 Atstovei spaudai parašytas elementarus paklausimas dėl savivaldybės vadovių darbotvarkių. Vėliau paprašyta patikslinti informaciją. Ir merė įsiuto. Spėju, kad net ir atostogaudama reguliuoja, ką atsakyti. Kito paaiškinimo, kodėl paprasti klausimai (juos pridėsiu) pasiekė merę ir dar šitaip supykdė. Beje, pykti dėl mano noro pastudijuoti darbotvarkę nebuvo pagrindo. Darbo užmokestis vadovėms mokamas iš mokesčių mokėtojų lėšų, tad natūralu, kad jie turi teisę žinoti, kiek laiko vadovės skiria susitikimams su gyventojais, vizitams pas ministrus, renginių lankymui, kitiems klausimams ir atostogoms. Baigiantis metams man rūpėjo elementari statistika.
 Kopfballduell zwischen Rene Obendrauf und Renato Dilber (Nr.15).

* * *

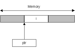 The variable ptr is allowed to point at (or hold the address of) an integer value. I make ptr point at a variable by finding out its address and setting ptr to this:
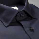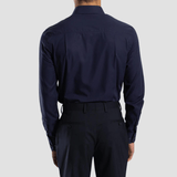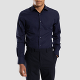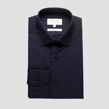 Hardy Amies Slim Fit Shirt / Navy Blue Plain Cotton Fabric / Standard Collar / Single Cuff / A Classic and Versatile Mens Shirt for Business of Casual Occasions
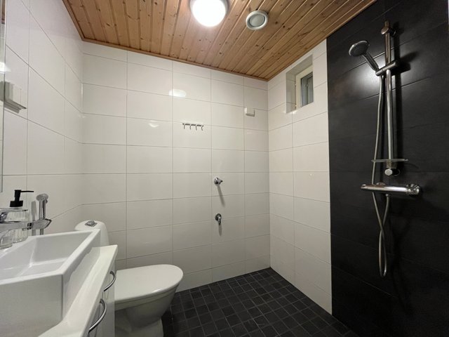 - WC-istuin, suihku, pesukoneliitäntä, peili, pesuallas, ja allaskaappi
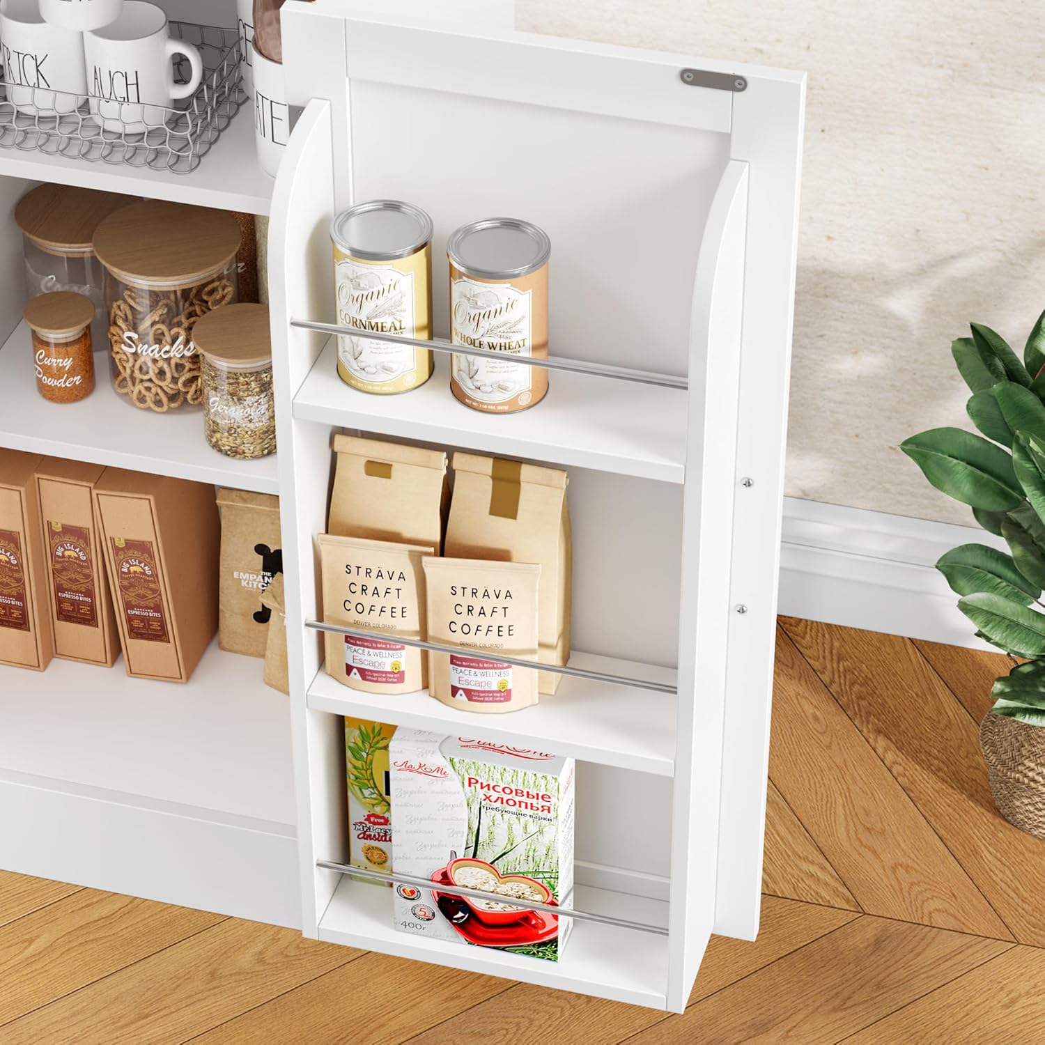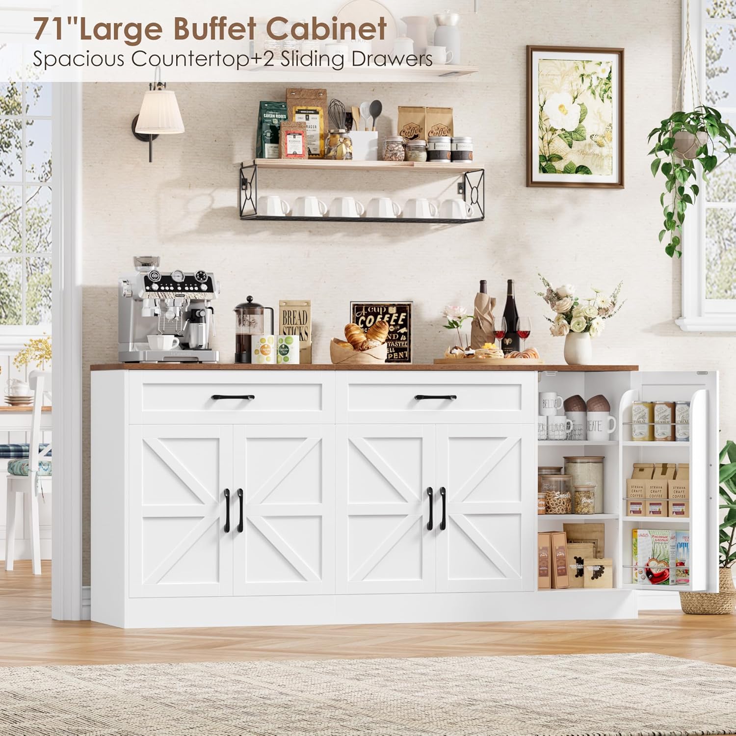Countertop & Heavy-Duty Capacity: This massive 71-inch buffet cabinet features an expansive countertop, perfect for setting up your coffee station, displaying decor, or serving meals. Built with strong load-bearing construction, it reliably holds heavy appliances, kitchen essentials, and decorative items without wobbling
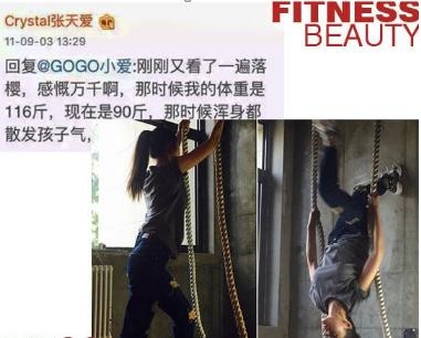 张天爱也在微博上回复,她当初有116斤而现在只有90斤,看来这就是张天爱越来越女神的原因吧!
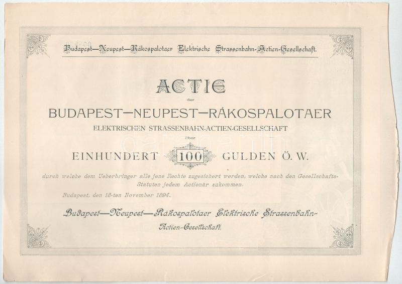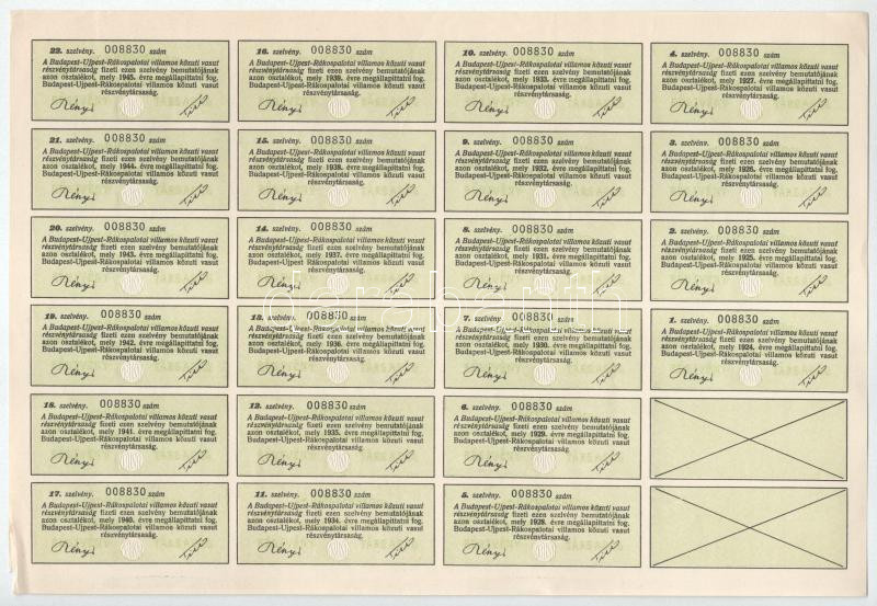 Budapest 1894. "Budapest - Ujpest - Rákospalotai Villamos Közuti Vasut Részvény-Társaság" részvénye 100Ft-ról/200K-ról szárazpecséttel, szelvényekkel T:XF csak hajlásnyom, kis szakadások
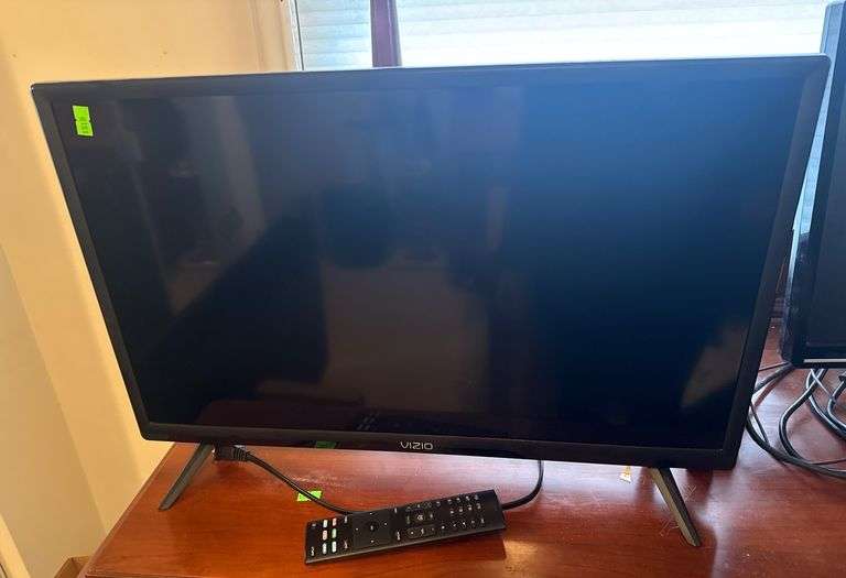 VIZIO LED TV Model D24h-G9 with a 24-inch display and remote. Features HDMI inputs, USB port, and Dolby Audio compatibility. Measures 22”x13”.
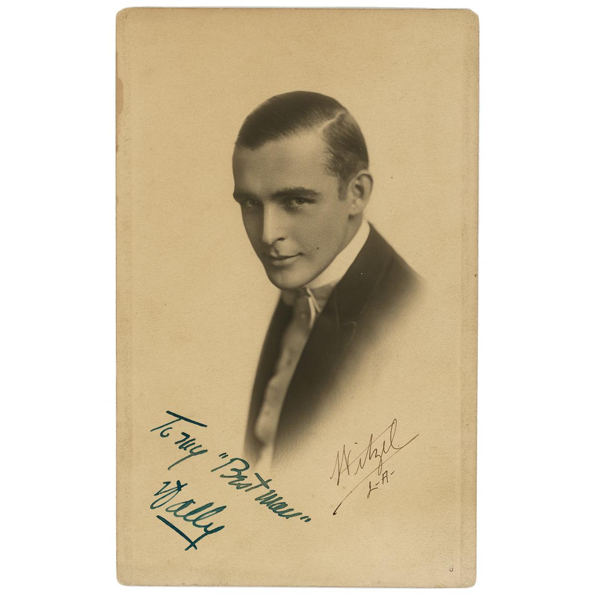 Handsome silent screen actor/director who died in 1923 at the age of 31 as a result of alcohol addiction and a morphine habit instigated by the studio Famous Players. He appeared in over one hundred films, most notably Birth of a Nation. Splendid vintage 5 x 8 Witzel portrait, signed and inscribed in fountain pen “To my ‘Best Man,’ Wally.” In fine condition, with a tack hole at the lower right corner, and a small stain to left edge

→ **Problem statement**
Beginning with the line that has "Atstovei spaudai parašytas" and ending with the line that has "Kopfballduell zwischen Rene", set down the lines above exactly and include no others.

→ **Solution to this exercise**
 Atstovei spaudai parašytas elementarus paklausimas dėl savivaldybės vadovių darbotvarkių. Vėliau paprašyta patikslinti informaciją. Ir merė įsiuto. Spėju, kad net ir atostogaudama reguliuoja, ką atsakyti. Kito paaiškinimo, kodėl paprasti klausimai (juos pridėsiu) pasiekė merę ir dar šitaip supykdė. Beje, pykti dėl mano noro pastudijuoti darbotvarkę nebuvo pagrindo. Darbo užmokestis vadovėms mokamas iš mokesčių mokėtojų lėšų, tad natūralu, kad jie turi teisę žinoti, kiek laiko vadovės skiria susitikimams su gyventojais, vizitams pas ministrus, renginių lankymui, kitiems klausimams ir atostogoms. Baigiantis metams man rūpėjo elementari statistika.
 Kopfballduell zwischen Rene Obendrauf und Renato Dilber (Nr.15).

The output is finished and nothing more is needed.